While in college, about twenty five years ago, I was in a car accident. I was also a cheerleader and all-around athlete. I was told that I had a herniated disc in my neck and surgery was recommended to remove the area that was herniated. In the early 1990s, the prognosis after surgery wasn't great and I had minimal pain, so I decided against surgery. Now, fast forward to the present day, I was diagnosed with multiple sclerosis almost eight years ago and have been working as a dental hygienist, leaning over patients daily.
I've had off and on dizziness for many years, but thought it was sinuses or allergies. When I was diagnosed with MS, I always guessed that that was the cause. I was told again about the herniated disc in my neck, but still no pain. Even though I'm in dentistry, I have a tendency to self-diagnose.
About ten months ago, the dizziness started again and was the worst ever. I would wake up in the middle of the night with the room spinning. I would stumble around for several hours, but it would improve as the day went on. I talked to my primary doctor about it and she thought it was BPPV, but wasn't positive and thought it could have been MS-related. I saw my neurologist a few days later and he ordered a MRI of the brain, but that showed no new lesions. Back to the primary care doctor and she then thought BPPV and sent me to an ENT. After several tests to rule out many other things, I was told it was BPPV and had two appointments for manipulations. Was told it was all good to go and was released, but the dizziness continued.
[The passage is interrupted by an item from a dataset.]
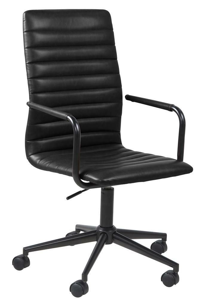 Fotel biurowy Winslow to wygodny obrotowy fotel z podłokietnikami. Siedzisko oraz oparcie krzesła zostało obite miękką czarną skórą. Poziome regularne przeszycia na fotelu dodają mu nowoczesnego wyglądu. Podłokietniki fotela również zostały obite skórą. Chromowana podstawa fotela wyposażona została w pięć obrotowych kółek. Fotel posiada regulację wysokości. Fotel posiada opcję automatycznego blokowania się kółek. Opcja ta polega, iż w momencie, gdy na fotelu nikt nie siedzi, utrudnione jest przesunięcie fotela, natomiast w momencie, gdy na nim siedzimy kółeczka obracają się delikatnie i płynnie. Max. obciążenie: 120 kg Max. ilość sztuk w kartonie: 1 Wymiary kartonu: 68 cm x 59 cm x 48 cm Wysokość siedziska: 52 cm Szerokość siedziska: 44,5 cm Głębokość siedziska: 42 cm Wysokość podłokietników: 20 cm

I've been trying to pay attention to what makes the dizziness worse. I now know it's when I hold my head a certain way or when I turn my head a certain way. I now think its cervical vertigo. I've had virtually no neck pain. I will see my neurologist in a few weeks and I'll run this by him but I know he'll probably order a MRI on my neck this time.
I'm finding all of this very frustrating, since I've seen four different doctors and still no answers. I'm almost at the point of just accepting that this is the way it's going to be and just live with it, but I'm not even 50 yet and I'm so sick of stumbling around like I'm drunk. I sometimes feel like I should just be happy that I'm doing so well with the MS.
From what I've read online there doesn't seem to be a lot of treatment options. If anyone could help me with ideas, I'm open to anything.